▶ DATA FOR ANALYSIS:
※ ※ ※

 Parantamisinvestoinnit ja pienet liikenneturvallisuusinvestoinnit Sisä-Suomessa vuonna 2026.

※ ※ ※

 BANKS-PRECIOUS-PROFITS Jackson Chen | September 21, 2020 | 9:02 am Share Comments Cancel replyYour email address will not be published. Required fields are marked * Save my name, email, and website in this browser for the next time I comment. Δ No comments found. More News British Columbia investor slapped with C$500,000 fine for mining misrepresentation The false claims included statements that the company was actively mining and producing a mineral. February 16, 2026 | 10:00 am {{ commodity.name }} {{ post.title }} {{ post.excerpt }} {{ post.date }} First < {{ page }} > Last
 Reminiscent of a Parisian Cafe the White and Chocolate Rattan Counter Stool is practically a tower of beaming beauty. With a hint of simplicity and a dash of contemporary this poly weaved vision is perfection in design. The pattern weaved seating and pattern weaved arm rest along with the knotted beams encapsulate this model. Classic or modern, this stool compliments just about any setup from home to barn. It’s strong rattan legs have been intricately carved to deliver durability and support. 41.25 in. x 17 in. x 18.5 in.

※ ※ ※

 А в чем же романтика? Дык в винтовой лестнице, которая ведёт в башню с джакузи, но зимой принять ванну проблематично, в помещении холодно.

※ ※ ※

▶ EXERCISE REQUIREMENTS: Answer with a single number, the count of lines in the data that contain "this".

▶ RESPONSE TO THE TASK: 2